Speeding Up Graph Learning Models with PyG and torch.compile
Date read: 13th October 2025
Blog link
Key Points
- Aim of post: explain how to overcome typical problems that arrive when using torch compile to speed up GNN related activities, specifically graph transformers.
- Blog focuses on doing this in PyTorch with the following tools:
- PyTorch Frame: embeds multi-model data (e.g. text, images, video) into shared embedding space
- PyG: handles message passing
- PyTorch Lighting: helps scale training processes onto GPU clusters.
- Torch compile:
- Takes standard PyTorch code and performs kernel fusion to create kernels which minimise memory reads amd writes, delivering large speed ups.
- It does however have its limitations, e.g.:
- Recompilation
- Host-device syncs
- Learning rate treated as constant
- Recompilation:
- When the assumptions made at compile time break, the code has to be recompiled.
- Common assumptions: data type, data shape, constants.
- Dynamic shapes are very common when using GNNs due to differing number of nodes.
- Tips:
- Set torch.compile(dynamic=True) to optimise for dynamic shapes.

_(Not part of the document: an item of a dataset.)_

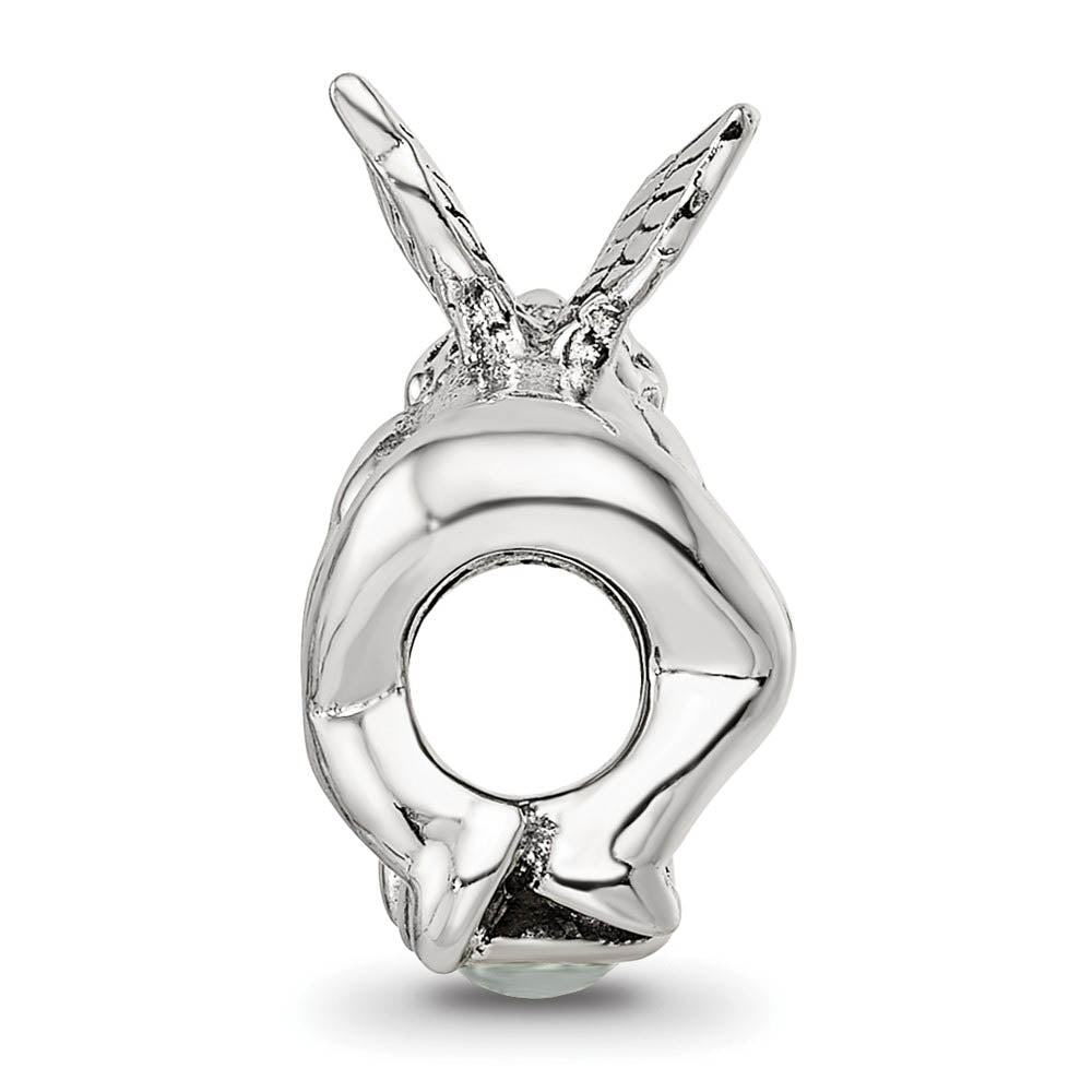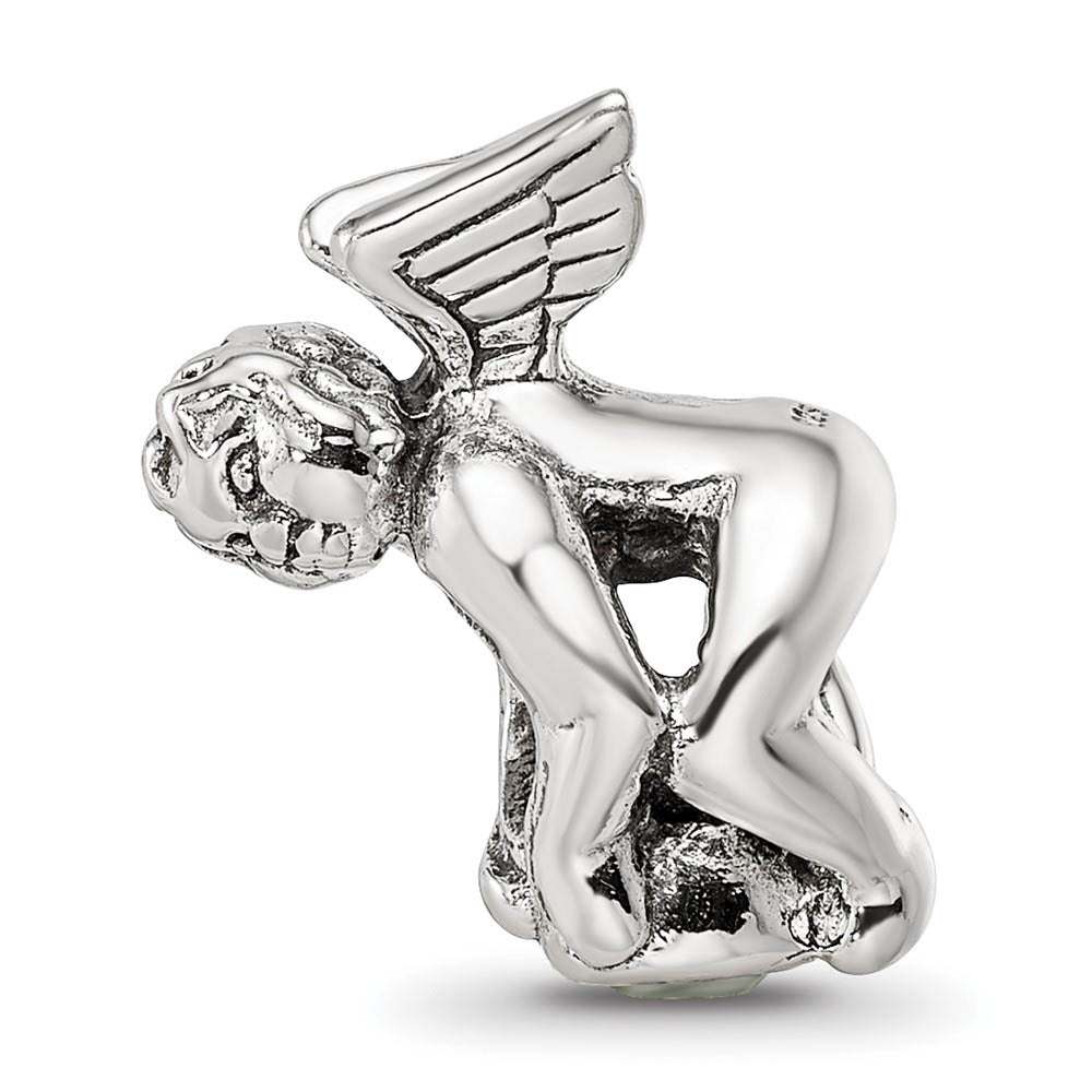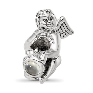 Celebrate the day you were born or that of a loved one with a birthstone charm and attach sentimental meaning to your jewelry. This sterling silver, 3-dimensioal design enhanced by an oxidized finish to increase the definition features a moonstone cubic zirconia gem for June birthdays. All of our angel charms measures roughly 13 x 17mm with a 4mm core that is interchangeable as well as compatible with Reflections and other popular 3mm width bead style bracelets and necklaces.
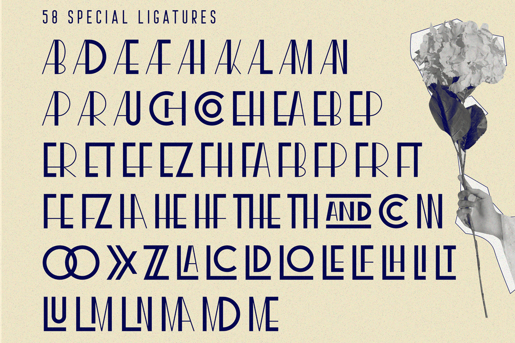 COXXON Font is an art deco inspired sans serif typeface that is both elegant and minimal at the same time. This chic font takes the decoration out of deco but keeps those vintage curves. A perfect mix of new and old. It combines light and heavy stroke widths with simple geometric forms to create a stylish appearance reminiscent of the 1920's design era. This versatile font can be used for word-mark logos, mastheads, pull quotes & monograms. Plus 8 bonus feminine logos thrown in!

- Set TORCH_LOGS=”recompiles” such that it is logged when you recompile and you can address the issues as required.
- LR treated as a constant:
- If LR is set to a float ti will be treated as a constant at compile time and require a recompile if changed.
- Set LR as a tensor to prevent this
- Graph breaks:
- Some code can’t be compiled and torch will return to eager mode for these steps.
- This breaks the compiled code into a set of kernels rather than just one.
- This causes unneccessary memory read and writes
- Tips:
- Set TORCH_LOGS=’graph_breaks’, which will log any graph breaks which can often be easily fixed.
- CUDA graphs:
- Set torch.compile(mode=’reduce-overhead’) to creates a CUDA graph which can be launched in one go from the CPU and reduce kernel launch overhead.
- Only use if the number of possible shapes is small as it will have recompile the instruction set for every individual size.
- Asynchronousity:
- Python usually launches GPU kernels and doesn’t wait for them to finish before continuing, unless it is explicitly told to in the code.
- Reduce this if possiblle by:
- Keep items as torch tensors rather than floats, ints etc
- Don’t print too often
- Don’t use item
- Be explicity with expected shape when possible